Microsoft, Tesla say software-defined batteries could mix and match power on the fly
Tests conducted by the researchers showed that mixing and matching batteries could improve the battery life of a wearable by about an hour. A two-in-one could see far better gains, however—up to a 22 percent improvement.
Unlike a fundamental improvement in battery technology, however—which this is not—the improvements generated by software-defined batteries (SDBs) would be very personalized, the paper notes. And they would be limited, in part, to what batteries the manufacturers included in the devices themselves.
The concept of Software Defined Batteries was described in a paper that the researchers will present at the ACM Symposium on Operating Systems Principles next week.
Why this matters: We typically assume a battery in a phone, tablet, or PC to be a “fuel tank,” a vessel in which electricity is stored and then pulled out gradually to charge our devices. But the paper notes that there are several types of batteries, with different chemistries, each with different charging and discharging characteristics. And not every battery chemistry has the ideal mix: a high-capacity battery may take hours to charge, while a fast-charging battery may not store as much. We already use devices with specialized sensor hubs and controllers; why not specialized batteries, too
That’s the goal of the SDB. “Consider a device that is constrained by volume, such a device can dedicate half of its capacity budget to a fast-charging battery and another half to a high energy-density battery,” the paper notes. “This allows the device to attain the following tradeoff: Obtain close to 50% of charge really quickly yet lose only a small portion of energy capacity.”
The paper also argues that we’ll need a way in which the system talks to the battery. Today, it’s most often a one-way street: A dedicated charge controller charges the battery according to its own programming, and the system simply asks, periodically, for a status update. What the paper proposes is that Windows or another OS actually communicate with and control the charger, so that the total battery life of the system can be optimized.
And that’s not a simple operation, either. Consider, as the paper does, a scenario in which you’re about to leave on a five-hour cross-country flight, in coach. Ideally, you’d want your laptop to charge overnight, so that you could store up enough juice for eight hours or so.

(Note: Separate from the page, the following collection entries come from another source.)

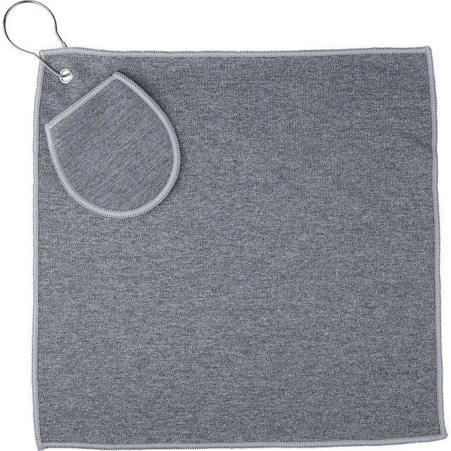 Asciugamano per il golf in rPET con tasca per palline da golf integrata, misura circa 31 x 31 cm. Presenta un gancio in metallo per un facile aggancio alla borsa e include un’etichetta rPET all’interno. Lavabile in lavatrice (a freddo).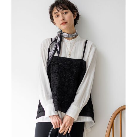 23区オリジナルの刺繍柄が目を引く、存在感のあるキャミソールです。透け感のあるポリエステル生地を細いテープ状にカットし、フリルのように立体的に刺繍した、他にはない華やかなデザインが魅力です。肩紐はボタンとホールで長さの調整が可能ですので、中に合わせるインナーや、お好みのバランスに合わせて着こなしをお楽しみいただけます。シンプルなシャツやブラウス、カットソーの上に重ねるだけで、いつものコーディネートが華やかにアップデートされます。デニムと合わせてカジュアルダウンしたり、きれいめパンツやスカートと合わせてオフィススタイルやお食事会など、幅広いシーンで上品な着こなしをお楽しみいただけます。カラーは、シックで上品な印象のブラック(#005)、落ち着いた大人の雰囲気を醸し出すブラウン(#030)、そして柔らかな印象を与えるベージュ(#033)の3色をご用意いたしました。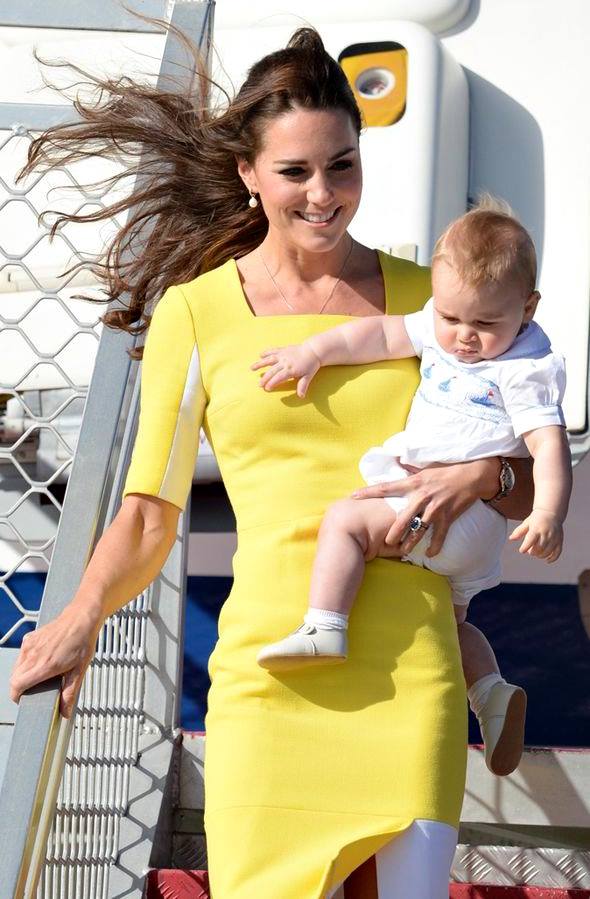 Para o primeiro dia de visita ao país, Kate elegeu um vestido amarelo de Roksanda Ilincic.

But you have to leave in twenty minutes, and you might have another fifteen to cool your heels in the airport. In that case, you’d want your laptop to charge fast, to maximize the amount of time you’d be able to work in the air.
If your PC’s calendar (or Cortana) knew this, it would be able to route your charger’s power to the quick-charging battery. Putting charging control under Windows (or Google Now, or the Mac OS) would also allow optimizations to be quickly applied—your device would learn how to charge, just as it learns your schedule, your voice, and other things about you.
In the case of the wearable, Microsoft combined a low-efficiency, bendable battery in the strap with a more efficient lithium-ion battery behind the face of the wearable (a Microsoft Band). Knowing that the user was siting at its desk caused the wearable to drop into a low-power state, pulling power from the less efficient bendable battery. But as the user set out on a run where heart rate and distance had to be monitored closely, the wearable revved up and puled power from the Li-ion battery.
The paper’s authors concluded that SDBs wouldn’t require any additional cost for the controller logic, and could benefit a variety of devices, including drones, smart glasses, and electric vehicles. The next step Actually testing the tech with smart assistants like Cortana and Google Now to see if they can actually control the SDB.